When subcharts declare hooks, those are also evaluated. There is no way for a top-level chart to disable the hooks declared by subcharts.

It is possible to define a weight for a hook which will help build a deterministic executing order. Weights are defined using the following annotation:

  annotations:
    "helm.sh/hook-weight": "5"

Hook weights can be positive or negative numbers but must be represented as strings. When Helm starts the execution cycle of hooks of a particular Kind it will sort those hooks in ascending order.

It is also possible to define policies that determine when to delete corresponding hook resources.

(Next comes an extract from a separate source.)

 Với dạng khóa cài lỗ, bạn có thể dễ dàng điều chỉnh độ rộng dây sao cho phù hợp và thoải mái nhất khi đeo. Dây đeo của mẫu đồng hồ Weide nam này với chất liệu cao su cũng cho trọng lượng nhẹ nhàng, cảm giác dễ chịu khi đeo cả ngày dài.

Hook deletion policies are defined using the following annotation:

  annotations:
    "helm.sh/hook-delete-policy": hook-succeeded

You can choose one or more defined annotation values:

  • "hook-succeeded" specifies Helm should delete the hook after the hook is successfully executed.
  • "hook-failed" specifies Helm should delete the hook if the hook failed during execution.
  • "before-hook-creation" specifies Helm should delete the previous hook before the new hook is launched.

Automatically uninstall hook from previous release

When helm release being updated it is possible, that hook resource already exists in cluster. By default helm will try to create resource and fail with "... already exists" error.

One might choose "helm.sh/hook-delete-policy": "before-hook-creation" over "helm.sh/hook-delete-policy": "hook-succeeded,hook-failed" because:

  • It is convenient to keep failed hook job resource in kubernetes for example for manual debug.
  • It may be necessary to keep succeeded hook resource in kubernetes for some reason.
  • At the same time it is not desirable to do manual resource deletion before helm release upgrade.

"helm.sh/hook-delete-policy": "before-hook-creation" annotation on hook causes Helm to remove the hook from previous release if there is one before the new hook is launched and can be used with another policy.